Task directions: Transcribe the entries exactly as they stand below, passing over any picture.

Recorded data:
•••

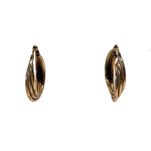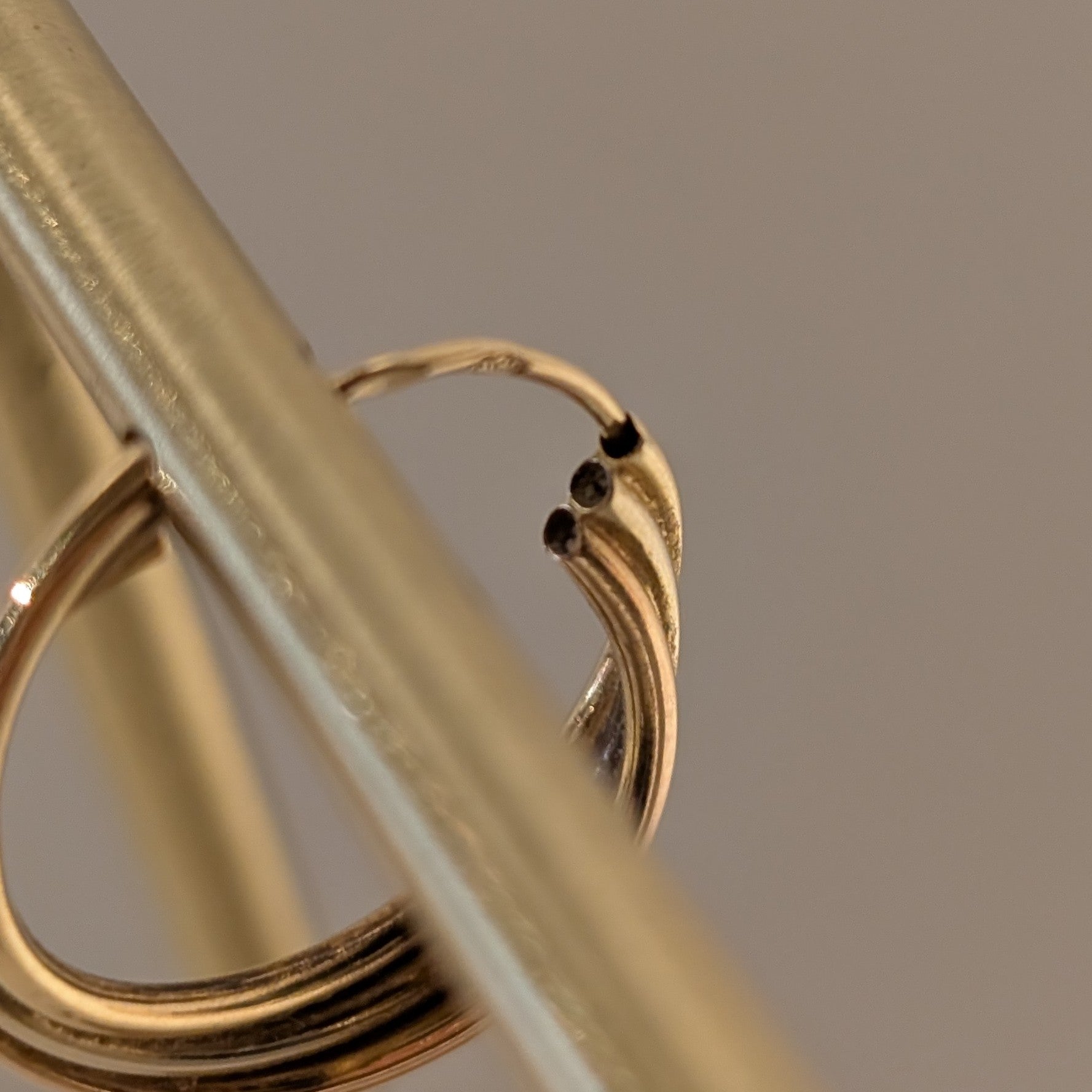 Boucles d’oreilles créoles et demi-créoles en or jaune 18 carats (750/1000), fermoir créoles. Poinçon Tête d’Aigle. Poids : 1,16 g. Hauteur : 1,5 cm, largeur : 1,5 cm, épaisseur : 0,2 cm. État : bon état.
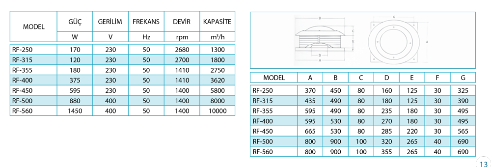 Çeşitli endüstriyel tesisler, depolar, hastaneler, tavuk çiftlikleri. vb. yerlerde kullanıma uygundur. Az kirli ve ortam sıcaklığı max. 60°C'ye kadar olan ortamlarda kullanılmak üzere dizayn edilmiş olan RF serisi çatı fanlarımızın gözdesi elektrostatik toz boyalı sacdan üretilmiştir.
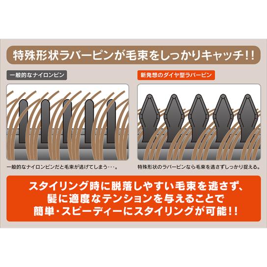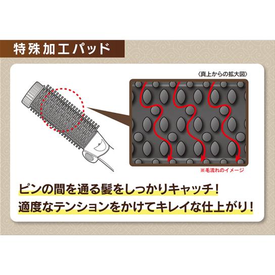 新たに「ダイヤ型ラバーピン」を採用し、髪のキャッチ力が向上。短い髪でも扱いやすくなりました。さらに、温度表示がデジタル化され、設定も7段階に増加。低温設定で髪質に合わせてやさしくスタイリングでき、ブラッシング習慣で寝ぐせ予防にも役立ち、まとまりある髪へと導きます。 -
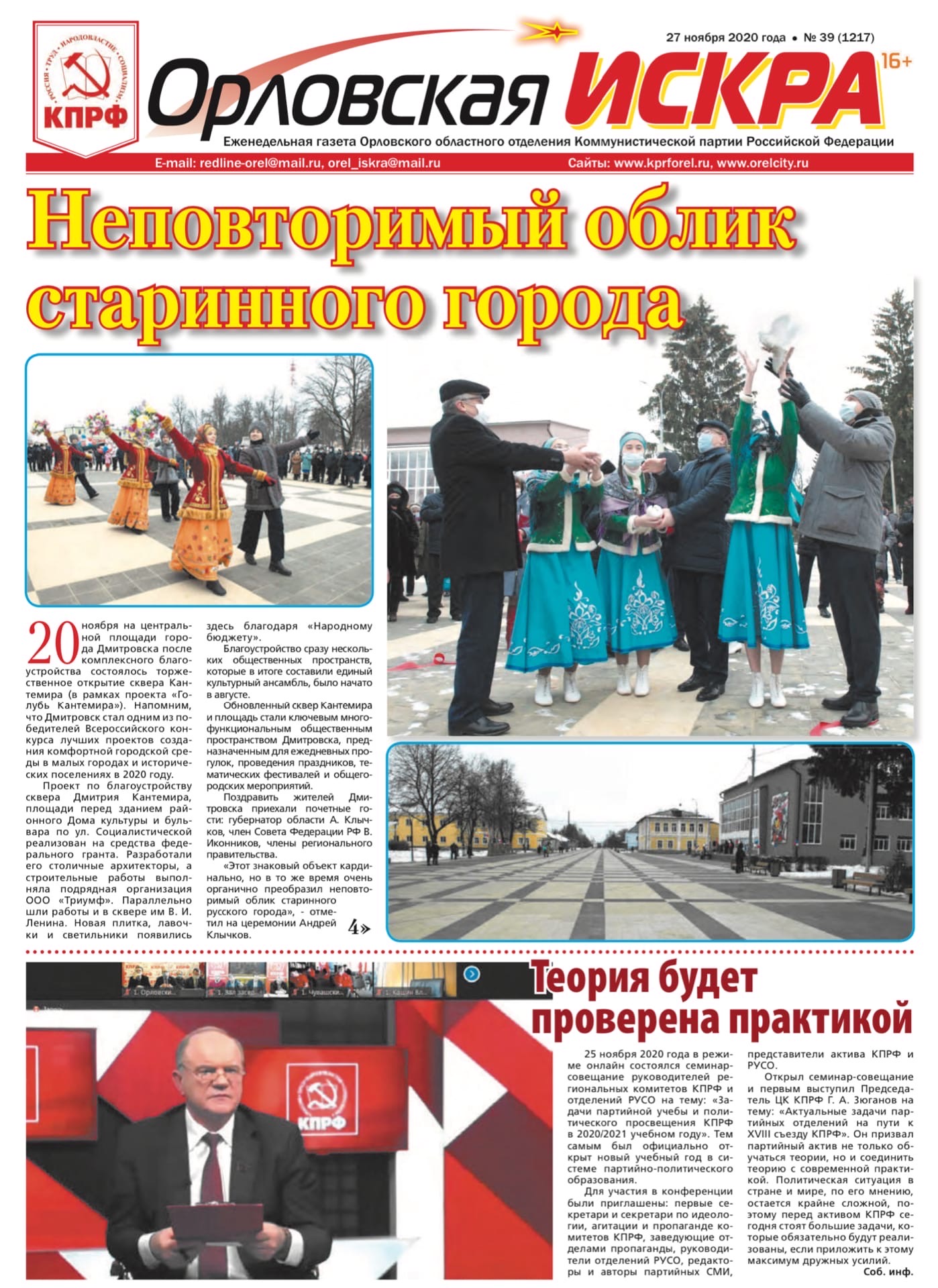 Орловская искра №39 (1217) от 27 ноября 2020 года
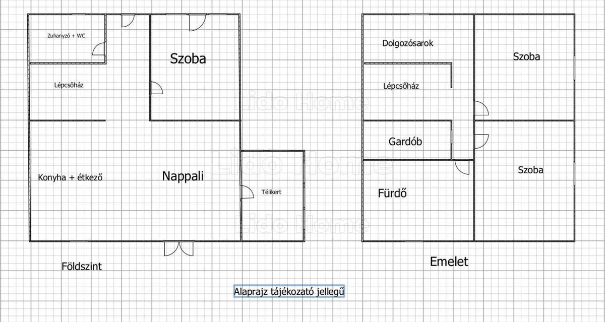 -emelet helységei: gardrób, 2 szoba, fürdőszoba káddal, mosdóval, WC-vel, és dolgozósarok
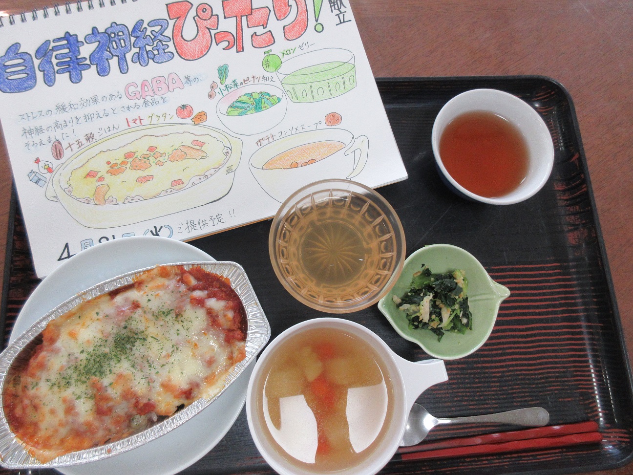 香り広がる春のひととき ~自律神経ぴったり献立~ 2026年 4月 21日 Tue 管理者 4月21日 本日の昼食は、栄養士献立より「自律神経ぴったり献立!」と題したメニューを提供しました。 ストレスの緩和に効果が期待されるGABAを含む食材を取り入れ、十五穀ごはんのトマトグラタンを中心に、彩り豊かな副菜やスープ、デザートを組み合わせた内容となっています。 提供時には、チーズとトマトソースの香ばしい香りが親和園内に広がり、食欲をそそるひとときとなりました。入居者様からも「おいしいね」と笑顔が見られ、楽しく召し上がっていただけたご様子でした。 イベント情報/ごちそうの日/栄養士健康メニュー 栄養士新聞
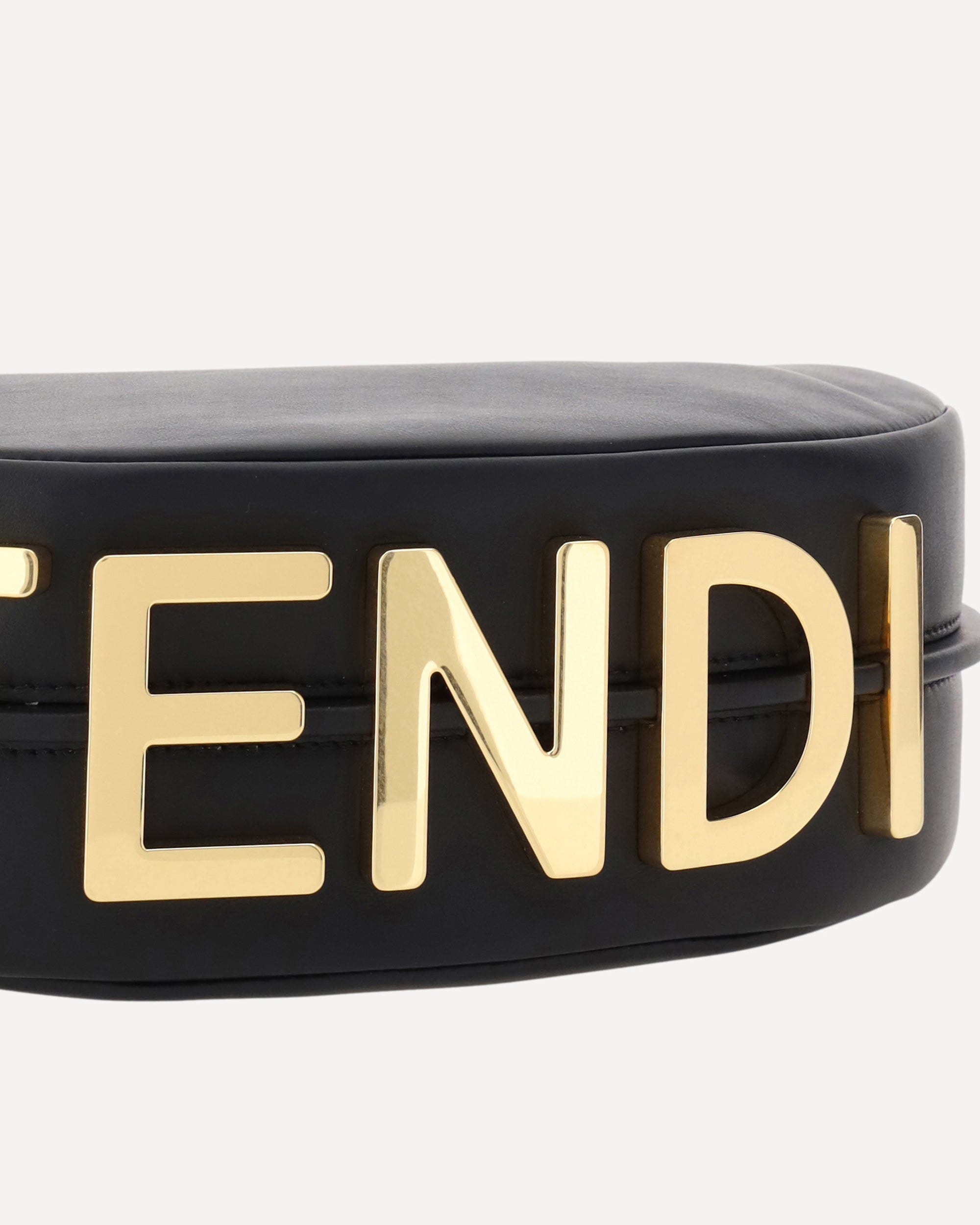 La Borsa a Spalla Fendigraphy in pelle di Fendi è caratterizzata da un design in pelle liscia e una chiusura superiore con cerniera. Presenta un unico manico regolabile e l’iconica firma del brand in ottone anticato, applicata in rilievo sulla base, per un tocco elegante e riconoscibile.
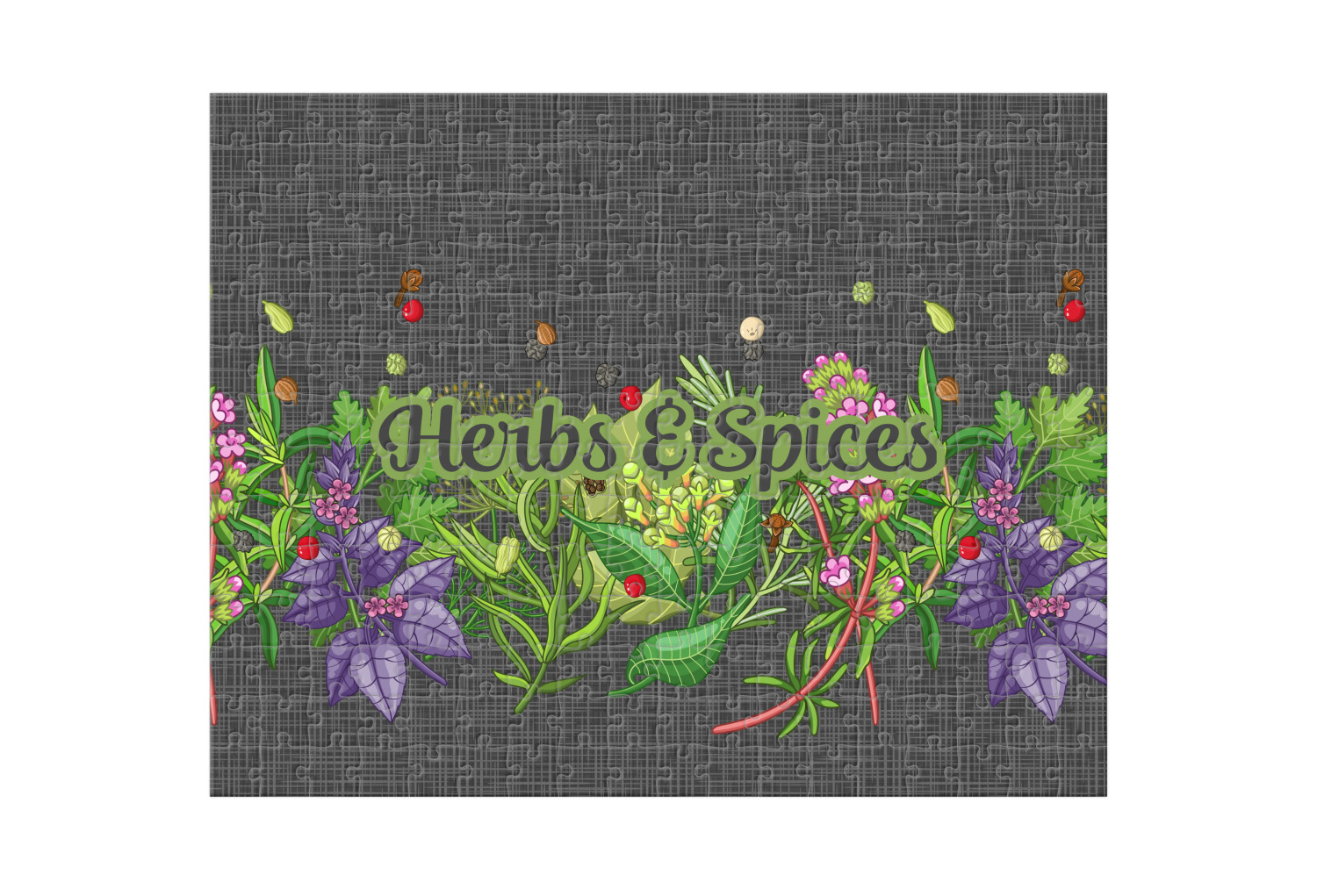 The design features an adorable frame of illustrated peppers, garlic, ginger, and other herbs. The background is a subtle texture in a charcoal color. A fun ribbon made with other spices and herbs makes the coordinating design. Both are easily personalized.
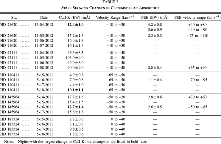 This A0Ve shell star exhibits excess emission at both 24 μ m and 70 μ m, which is characteristic of circumstellar dusty debris disks viewed nearly edge-on (Roberge & Weinberger 2008), and may be emitted by a zone comparable to the Kuiper Belt region (Morales et al. 2009). Our four nights of observations appear in Figure 2 and show that the main CaII K-line absorption is centered at V ∼ +7 km s-1. Observations of the NaI D-line absorption in three stars neighboring HD 21620 (HD 21428, HD 21278, and HD 19279) reveal interstellar absorption centered at V ∼ +5 km s-1 (Genova & Beckman 2003), implying that the main CaII absorption line detected towards HD 21620 (of distance 150 pc) is most likely of interstellar rather than circumstellar origin. Indeed, no significant absorption was detected for HD 21620 at its stellar radial velocity of V ∼ -21.4 ± 2 km s-1. Evidently most of the circumstellar gas has dissipated in this 80 Myr old system (Roberge & Weinberger 2008). Nevertheless, the CaII line profiles shown in Figure 2 reveal significant variability in EW over the four nights’ observations (12.4–16.1 mÅ; see Table 2), which cannot be explained by its space motion through the ISM of only 0.014 AU d-1. Given its mid-infrared excess and edge-on orientation it seems more likely that the observed changes in absorption are due to the evaporation of planetesimals/exocomets that are normally resident in a Kuiper Belt analog and on a grazing approach to the central star.
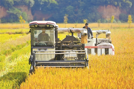 11月1日,浙江省德清县洛舍镇矿基地复垦项目的3000余亩晚稻田,村民驾驶收割机在收获晚稻。洛舍镇东衡村曾是石材生产基地,2009年矿山关闭后留下大片废弃矿地,后来通过综合整治,废弃矿地变成连片良田。本报通讯员 王正 摄
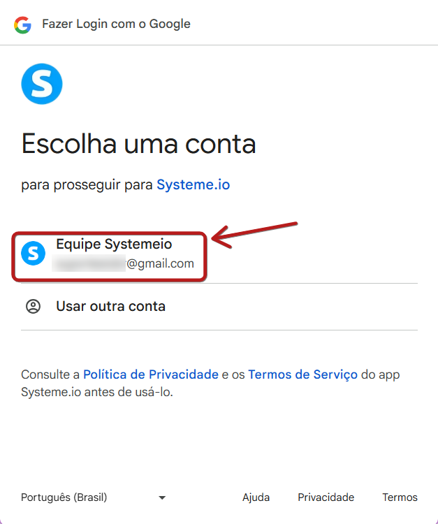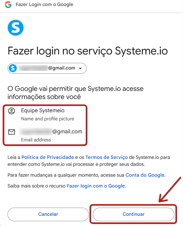- Clique em Continuar para que o Google permita que a systeme.io acesse suas informações.
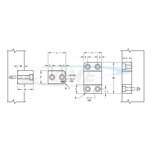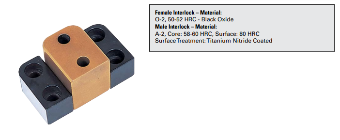 产品优势: DME镀钛边锁具有业内领先的互换性,凭借精密制造和精准公差,每个DME模具边锁部件均可以单独更换,不需拆除整个部件。 DME边锁具有以下特点: — 自动将模具与边锁腔体和芯体对齐。 安装: — 每个模具安装四个边锁(一边一个)。 — 在模具每边的中心线上安装边锁,以消除热膨胀。
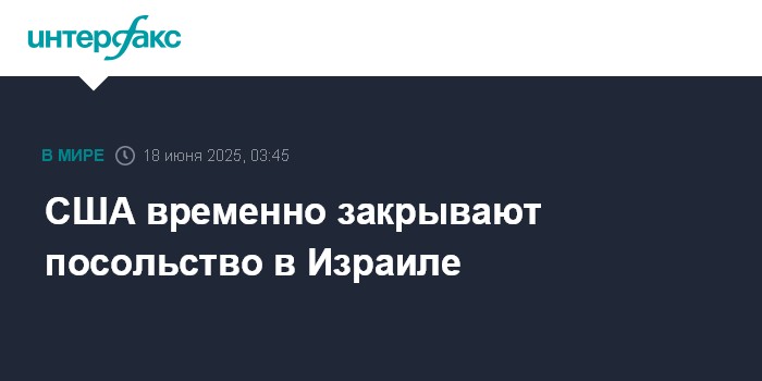 Москва. 18 июня. INTERFAX.RU - Посольство США в Израиле и американские консульские учреждения будут временно закрыты по соображениям безопасности в связи с ситуацией на Ближнем Востоке, сообщила дипмиссия.

•••

Answer to the problem:
 Boucles d’oreilles créoles et demi-créoles en or jaune 18 carats (750/1000), fermoir créoles. Poinçon Tête d’Aigle. Poids : 1,16 g. Hauteur : 1,5 cm, largeur : 1,5 cm, épaisseur : 0,2 cm. État : bon état.
 Çeşitli endüstriyel tesisler, depolar, hastaneler, tavuk çiftlikleri. vb. yerlerde kullanıma uygundur. Az kirli ve ortam sıcaklığı max. 60°C'ye kadar olan ortamlarda kullanılmak üzere dizayn edilmiş olan RF serisi çatı fanlarımızın gözdesi elektrostatik toz boyalı sacdan üretilmiştir.
 新たに「ダイヤ型ラバーピン」を採用し、髪のキャッチ力が向上。短い髪でも扱いやすくなりました。さらに、温度表示がデジタル化され、設定も7段階に増加。低温設定で髪質に合わせてやさしくスタイリングでき、ブラッシング習慣で寝ぐせ予防にも役立ち、まとまりある髪へと導きます。 -
 Орловская искра №39 (1217) от 27 ноября 2020 года
 -emelet helységei: gardrób, 2 szoba, fürdőszoba káddal, mosdóval, WC-vel, és dolgozósarok
 香り広がる春のひととき ~自律神経ぴったり献立~ 2026年 4月 21日 Tue 管理者 4月21日 本日の昼食は、栄養士献立より「自律神経ぴったり献立!」と題したメニューを提供しました。 ストレスの緩和に効果が期待されるGABAを含む食材を取り入れ、十五穀ごはんのトマトグラタンを中心に、彩り豊かな副菜やスープ、デザートを組み合わせた内容となっています。 提供時には、チーズとトマトソースの香ばしい香りが親和園内に広がり、食欲をそそるひとときとなりました。入居者様からも「おいしいね」と笑顔が見られ、楽しく召し上がっていただけたご様子でした。 イベント情報/ごちそうの日/栄養士健康メニュー 栄養士新聞
 La Borsa a Spalla Fendigraphy in pelle di Fendi è caratterizzata da un design in pelle liscia e una chiusura superiore con cerniera. Presenta un unico manico regolabile e l’iconica firma del brand in ottone anticato, applicata in rilievo sulla base, per un tocco elegante e riconoscibile.
 The design features an adorable frame of illustrated peppers, garlic, ginger, and other herbs. The background is a subtle texture in a charcoal color. A fun ribbon made with other spices and herbs makes the coordinating design. Both are easily personalized.
 This A0Ve shell star exhibits excess emission at both 24 μ m and 70 μ m, which is characteristic of circumstellar dusty debris disks viewed nearly edge-on (Roberge & Weinberger 2008), and may be emitted by a zone comparable to the Kuiper Belt region (Morales et al. 2009). Our four nights of observations appear in Figure 2 and show that the main CaII K-line absorption is centered at V ∼ +7 km s-1. Observations of the NaI D-line absorption in three stars neighboring HD 21620 (HD 21428, HD 21278, and HD 19279) reveal interstellar absorption centered at V ∼ +5 km s-1 (Genova & Beckman 2003), implying that the main CaII absorption line detected towards HD 21620 (of distance 150 pc) is most likely of interstellar rather than circumstellar origin. Indeed, no significant absorption was detected for HD 21620 at its stellar radial velocity of V ∼ -21.4 ± 2 km s-1. Evidently most of the circumstellar gas has dissipated in this 80 Myr old system (Roberge & Weinberger 2008). Nevertheless, the CaII line profiles shown in Figure 2 reveal significant variability in EW over the four nights’ observations (12.4–16.1 mÅ; see Table 2), which cannot be explained by its space motion through the ISM of only 0.014 AU d-1. Given its mid-infrared excess and edge-on orientation it seems more likely that the observed changes in absorption are due to the evaporation of planetesimals/exocomets that are normally resident in a Kuiper Belt analog and on a grazing approach to the central star.
 11月1日,浙江省德清县洛舍镇矿基地复垦项目的3000余亩晚稻田,村民驾驶收割机在收获晚稻。洛舍镇东衡村曾是石材生产基地,2009年矿山关闭后留下大片废弃矿地,后来通过综合整治,废弃矿地变成连片良田。本报通讯员 王正 摄
- Clique em Continuar para que o Google permita que a systeme.io acesse suas informações.
 产品优势: DME镀钛边锁具有业内领先的互换性,凭借精密制造和精准公差,每个DME模具边锁部件均可以单独更换,不需拆除整个部件。 DME边锁具有以下特点: — 自动将模具与边锁腔体和芯体对齐。 安装: — 每个模具安装四个边锁(一边一个)。 — 在模具每边的中心线上安装边锁,以消除热膨胀。
 Москва. 18 июня. INTERFAX.RU - Посольство США в Израиле и американские консульские учреждения будут временно закрыты по соображениям безопасности в связи с ситуацией на Ближнем Востоке, сообщила дипмиссия.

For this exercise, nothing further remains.